Сообщение Вольфганга повергло Леопольда в полное отчаяние. Он снова перечитал письмо, по ужасный смысл от этого ничуть не изменился. Леопольд обвел глазами изящный и просторный Танцмейстерзал, где всегда писал свои письма, и горечь его усилилась: зал не выполнил своей основной задачи — не сумел удержать сына в Зальцбурге.

Не найдя утешения дома, Леопольд вышел на улицу, спустился к протекающей поблизости реке и остановился на берегу. Отсюда открывался прекрасный вид па город. Зальцбург казался в тот день особенно красивым. Наступил май с его обилием красок и ароматов. Все купалось в солнечном свете: многочисленные купола церквей, часть в стиле барокко, а часть в магометанском, высокие итальянские крыши домов, расположенных вдоль реки Зальцах, старая крепость, подобно живому существу парящая над городом. Леопольд достаточно попутешествовал, однако Зальцбург представлялся ему самым чудесным городом из всех, что довелось повидать. Но какой толк твердить об этом сыну?

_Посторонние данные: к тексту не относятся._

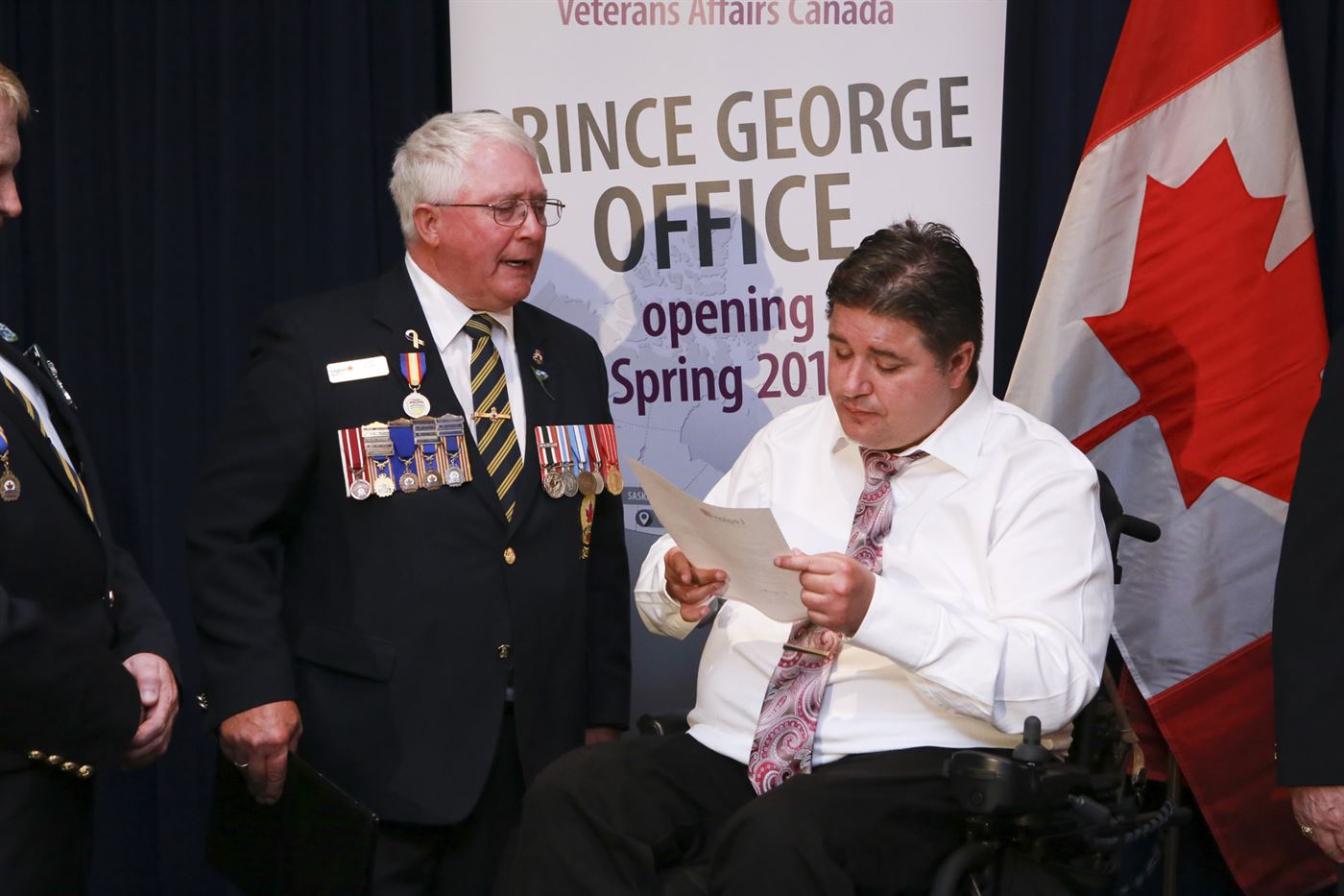 The Honourable Kent Hehr, Minister of Veterans Affairs and Associate Minister of National Defence, joined Veterans and their families on August 29 in Prince George, British Columbia, to announce that the previously closed Veterans Affairs Canada office will reopen by May 2017.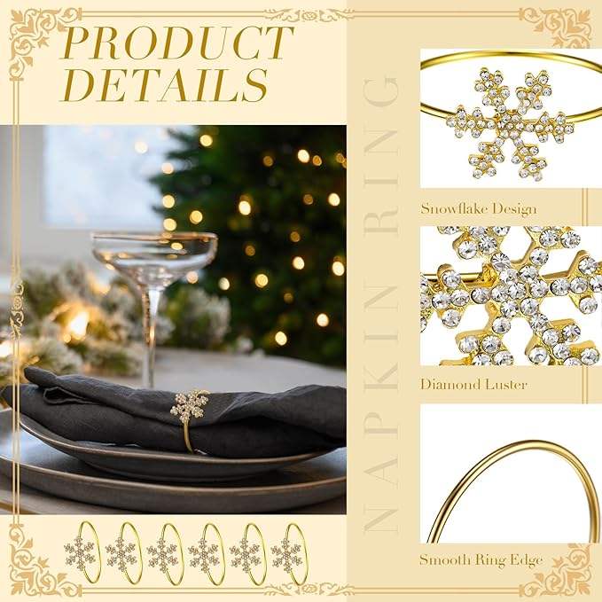 Navidad copo de nieve cristal Rhinestone Metal servilleteros FIESTA DE Acción de Gracias elegante decoración de mesa para bodas ocasiones especiales

Вольфганга не интересует ни один город, где музыка, по его мнению, не на должной высоте.

Леопольду хотелось облегчить душу ругательством, как это делал Брунетти, или махнуть на все рукой, но мысль, что сын один бедствует в Вене, не давала ему покоя. Весь мир, казалось, рушился вокруг него: впереди всего несколько лет жизни, на руках стареющая дочь, которой трудно уже найти достойного, жениха; его собственная карьера музыканта загублена; и лишь одному богу известно, что ждет впереди Вольфганга.

Не зная, куда деваться от чувства безысходности и тоски, не в силах дать нужный ответ сыну, Леопольд решил развеяться, повидавшись со старыми друзьями. Собрались у Хагенауэра — он был болен, лежал, прикованный к постели; Шахтнер и Буллингер тоже обещали прийти. Но как высказать им все, что камнем лежит у него на сердце, думал Леопольд.

Он остановился у знакомой двери, смахнул набежавшие слезы, но отогнать нахлынувшие воспоминания было не так-то легко. Дом 9 на Гетрейдегассе ничуть не изменился. Поднимаясь но каменным ступеням на первый этаж, Леопольд чуть не плакал, он уже старик, ему шестьдесят один. Друзья, чего доброго, решат, что он совсем одряхлел.

У самой двери эта мысль помогла ему взять себя в руки.

Но полностью скрыть свое волнение Леопольд не сумел и с жаром, что редко случалось с ним, обнял друзей.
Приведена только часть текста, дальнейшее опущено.